▶ [Exercise material]:
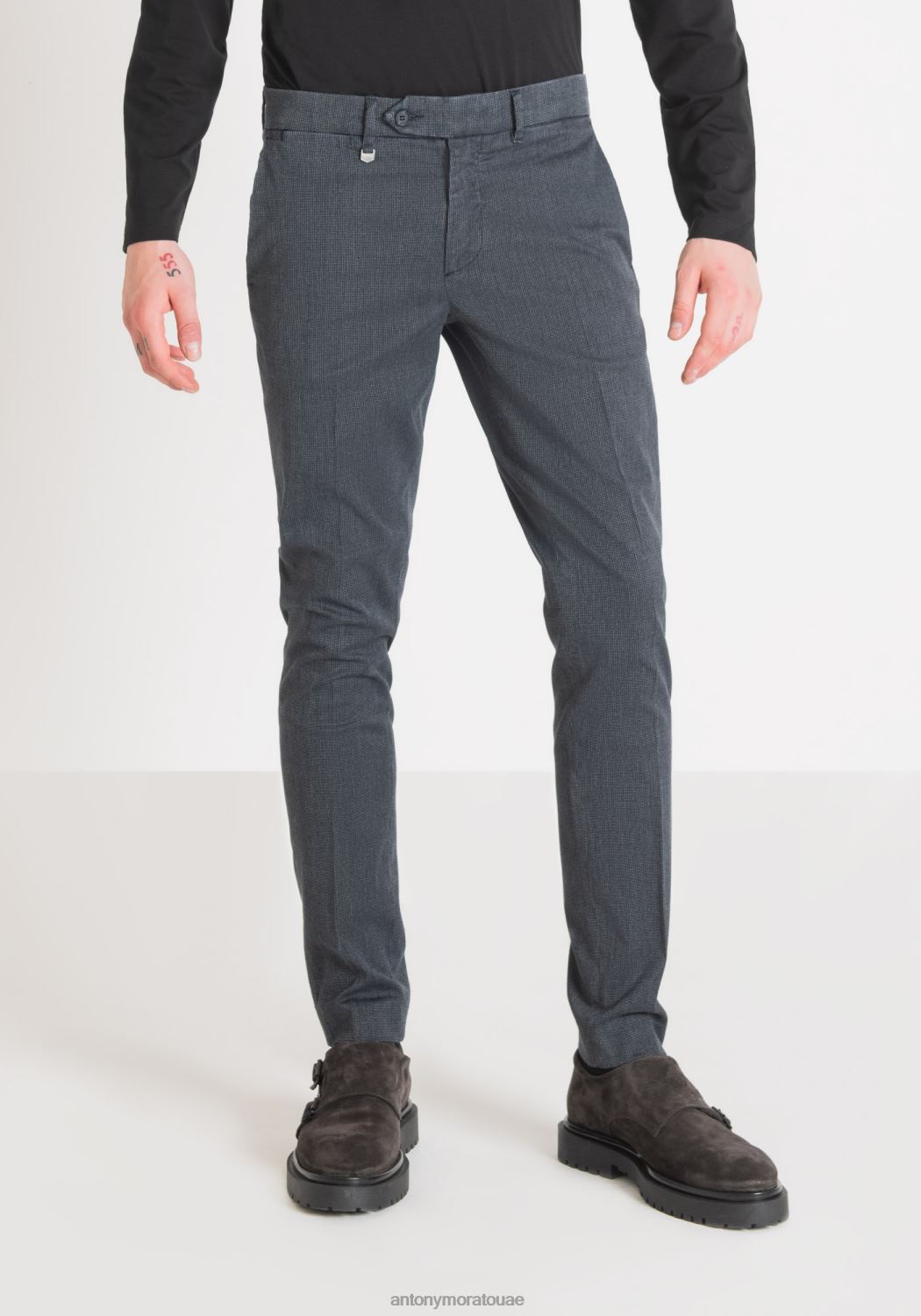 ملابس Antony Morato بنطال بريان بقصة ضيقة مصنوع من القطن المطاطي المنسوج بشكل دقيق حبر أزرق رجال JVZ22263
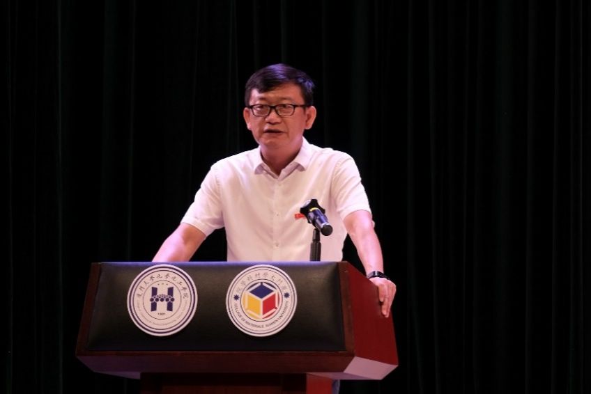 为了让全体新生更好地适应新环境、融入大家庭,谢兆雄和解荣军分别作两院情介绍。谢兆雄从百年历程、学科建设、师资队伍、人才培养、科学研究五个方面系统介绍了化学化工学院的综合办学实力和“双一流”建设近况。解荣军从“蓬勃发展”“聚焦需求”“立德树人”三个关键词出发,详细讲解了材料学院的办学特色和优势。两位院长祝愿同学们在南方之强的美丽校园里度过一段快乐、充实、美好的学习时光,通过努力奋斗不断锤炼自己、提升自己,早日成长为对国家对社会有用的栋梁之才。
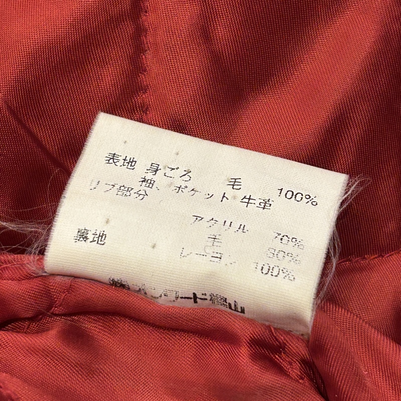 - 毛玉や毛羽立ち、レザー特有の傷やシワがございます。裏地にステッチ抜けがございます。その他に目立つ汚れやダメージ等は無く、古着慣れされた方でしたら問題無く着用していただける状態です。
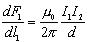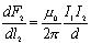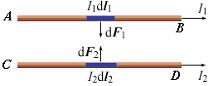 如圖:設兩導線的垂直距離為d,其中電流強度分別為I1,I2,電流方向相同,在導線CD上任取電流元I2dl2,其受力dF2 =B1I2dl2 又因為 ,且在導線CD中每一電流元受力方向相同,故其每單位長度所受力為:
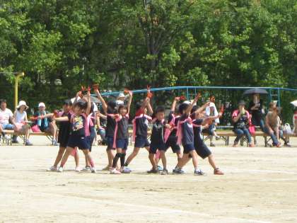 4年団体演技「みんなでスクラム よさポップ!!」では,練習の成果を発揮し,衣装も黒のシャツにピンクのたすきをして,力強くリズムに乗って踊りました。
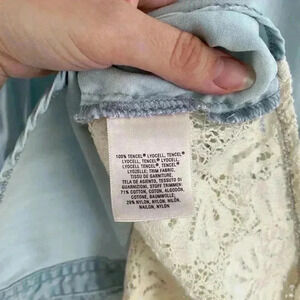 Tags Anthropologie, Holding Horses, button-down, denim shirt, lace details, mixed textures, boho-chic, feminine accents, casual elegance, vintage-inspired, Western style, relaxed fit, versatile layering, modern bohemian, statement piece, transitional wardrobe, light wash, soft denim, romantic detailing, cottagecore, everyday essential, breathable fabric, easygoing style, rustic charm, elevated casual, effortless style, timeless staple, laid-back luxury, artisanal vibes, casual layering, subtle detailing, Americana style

▶ [Goal of the exercise]: Reproduce the data in full. Do not carry over any picture.

▶ [Answer to this task]:
 ملابس Antony Morato بنطال بريان بقصة ضيقة مصنوع من القطن المطاطي المنسوج بشكل دقيق حبر أزرق رجال JVZ22263
 为了让全体新生更好地适应新环境、融入大家庭,谢兆雄和解荣军分别作两院情介绍。谢兆雄从百年历程、学科建设、师资队伍、人才培养、科学研究五个方面系统介绍了化学化工学院的综合办学实力和“双一流”建设近况。解荣军从“蓬勃发展”“聚焦需求”“立德树人”三个关键词出发,详细讲解了材料学院的办学特色和优势。两位院长祝愿同学们在南方之强的美丽校园里度过一段快乐、充实、美好的学习时光,通过努力奋斗不断锤炼自己、提升自己,早日成长为对国家对社会有用的栋梁之才。
 - 毛玉や毛羽立ち、レザー特有の傷やシワがございます。裏地にステッチ抜けがございます。その他に目立つ汚れやダメージ等は無く、古着慣れされた方でしたら問題無く着用していただける状態です。
 如圖:設兩導線的垂直距離為d,其中電流強度分別為I1,I2,電流方向相同,在導線CD上任取電流元I2dl2,其受力dF2 =B1I2dl2 又因為 ,且在導線CD中每一電流元受力方向相同,故其每單位長度所受力為:
 4年団体演技「みんなでスクラム よさポップ!!」では,練習の成果を発揮し,衣装も黒のシャツにピンクのたすきをして,力強くリズムに乗って踊りました。
 Tags Anthropologie, Holding Horses, button-down, denim shirt, lace details, mixed textures, boho-chic, feminine accents, casual elegance, vintage-inspired, Western style, relaxed fit, versatile layering, modern bohemian, statement piece, transitional wardrobe, light wash, soft denim, romantic detailing, cottagecore, everyday essential, breathable fabric, easygoing style, rustic charm, elevated casual, effortless style, timeless staple, laid-back luxury, artisanal vibes, casual layering, subtle detailing, Americana style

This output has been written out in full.